The U.S. has a number of key exports to China, and many large multinationals earn substantial profits producing and selling in China. Clearly, there is significant corporate resistance to large-scale protectionism. American companies would like the U.S. government to negotiate market opening in China, but most do not want a trade war.
If the U.S. does take protectionist measures, such as an across-the-board import tariff on Chinese products, we can be sure that China will retaliate by shifting its purchases of products from aircraft to soybeans and by closing the door more tightly on opportunities for U.S. hi-tech firms.
While there is no easy solution to opening Chinese markets, ironically, the Trump administration took off the table one of its best chips: The Trans-Pacific Partnership (TPP). The TPP was designed to address the key areas in which China’s behavior is a problem: services trade, open investment and IPR.
While there is no easy solution to opening Chinese markets, ironically, the Trump administration took off the table one of its best chips: The Trans-Pacific Partnership (TPP).
If that agreement were implemented, along with a similar one with Europe, that would create a large and open market that excluded China. We should not expect China’s behavior to change quickly, but the success of such an arrangement would have created an incentive for China to reform and eventually join.

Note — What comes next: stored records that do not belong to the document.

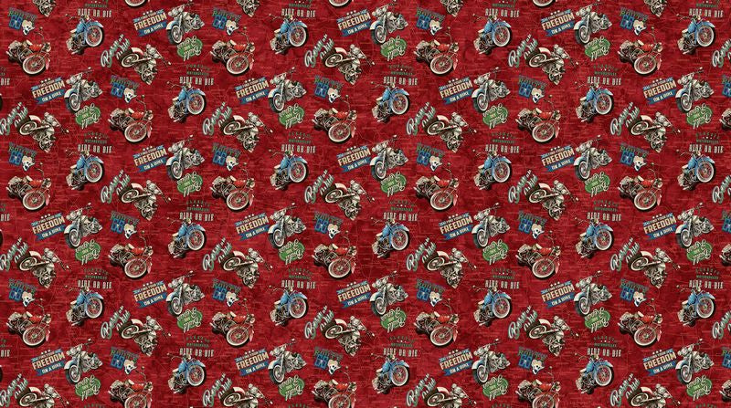 Historic Route 66 - Motorcycle Toss in Red - Deborah Edwards & Melanie Samra - Northcott (Pre-order: Aug 2026)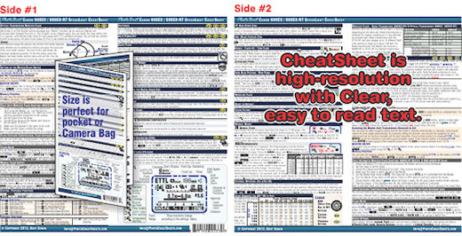 The used CheatSheet for the Canon 600EX-RT / 600EX Speedlights from Photobert is an all encompassing, take-along reference card that covers all the functions, features and buttons of your Canon flash.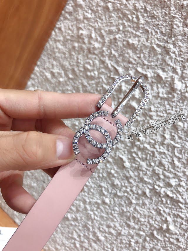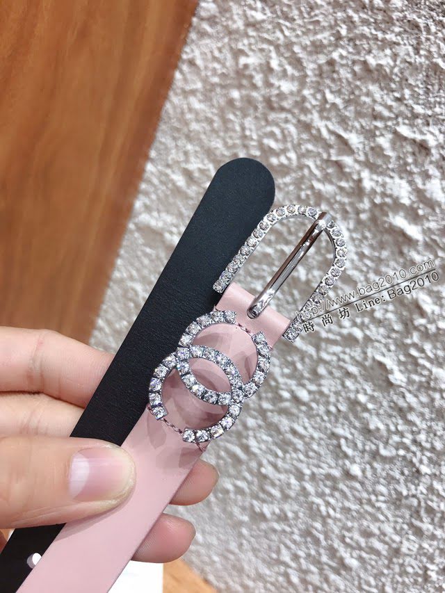 Chanel女士皮帶 香奈兒鑲嵌鑽石針扣小腰帶 香奈兒雙面可用小牛皮皮帶  jjp1095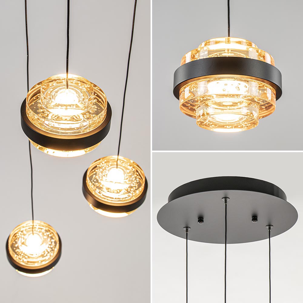 Een sfeervolle toevoeging voor boven een ronde eettafel of salontafel. De kappen hebben een aparte vorm en zijn voorzien van LED verlichting. De kappen zijn deels van massief glas en deels mat zwart metaal. Dit geeft de lamp een luxe uitstraling. Het glas is voorzien van luchtbelletjes wat de hanglamp een speels effect geeft. De hanglamp is gemakkelijk in hoogte aan te passen.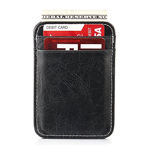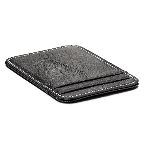 Product Description *Material: Genuine Leather; *Color: Black *Measures: 4.25x2.87x0.18inch *Double-sided; Offers a total of 4 card slots, 2 on each side; Middle pocket for cash or cards *Slim thin. Perfect to slip into your pocket, briefcase or handbags *Timeless style for both men and women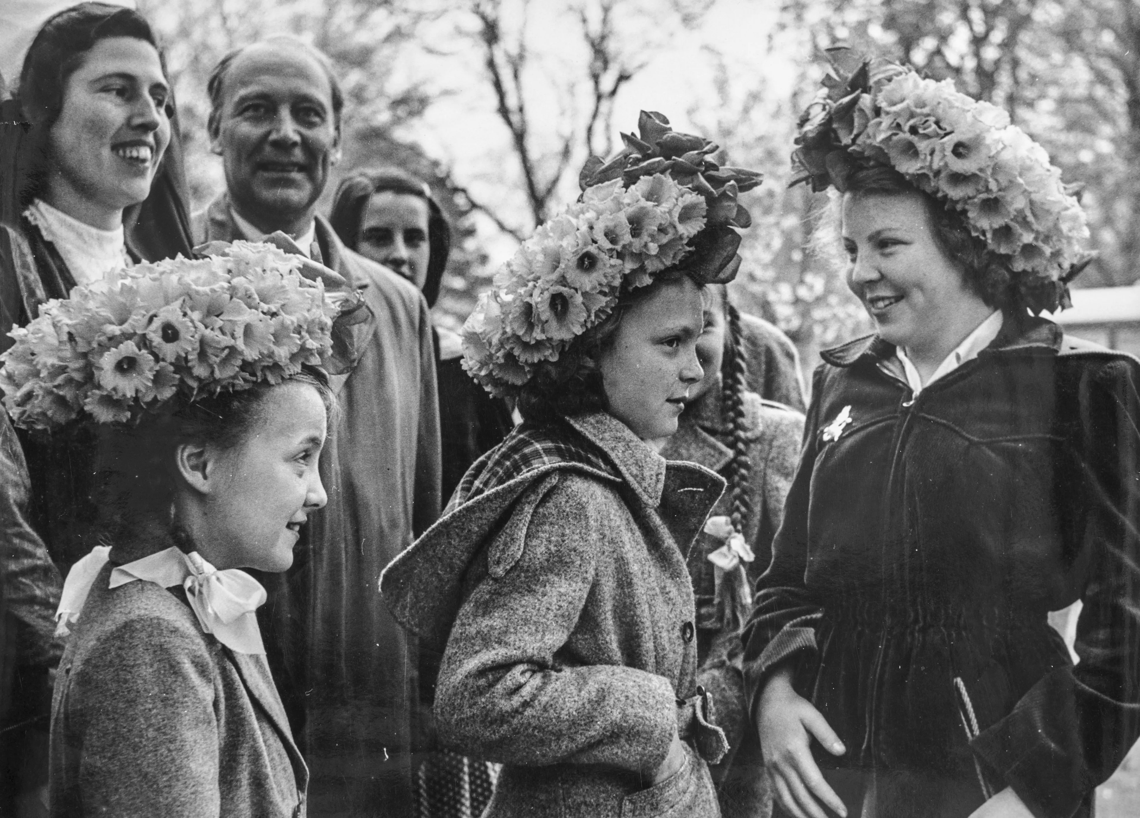 Op deze schattige foto zien we de drie zussen prinses Beatrix, prinses Irene en prinses Margriet met een kransje op hun hoofd tijdens een bezoek aan de Keukenhof in 1952.

That would be a long game and not satisfying to American politicians who want quick wins. But the U.S. does not have the leverage to get big wins from China, and any attempts to unilaterally pressure the Chinese into abandoning their industrial policies run the risk of sparking a trade war, which will be “lose-lose.”
Given that these tensions are not likely to be resolved soon, it is a good thing that China has a talented group of financial technocrats who can maintain financial calm in an otherwise stormy sea.
There is certainly scope to pursue China through the WTO and there is a lot the U.S. could be doing that we haven’t done. But the business community remains very nervous about wide-ranging tariffs.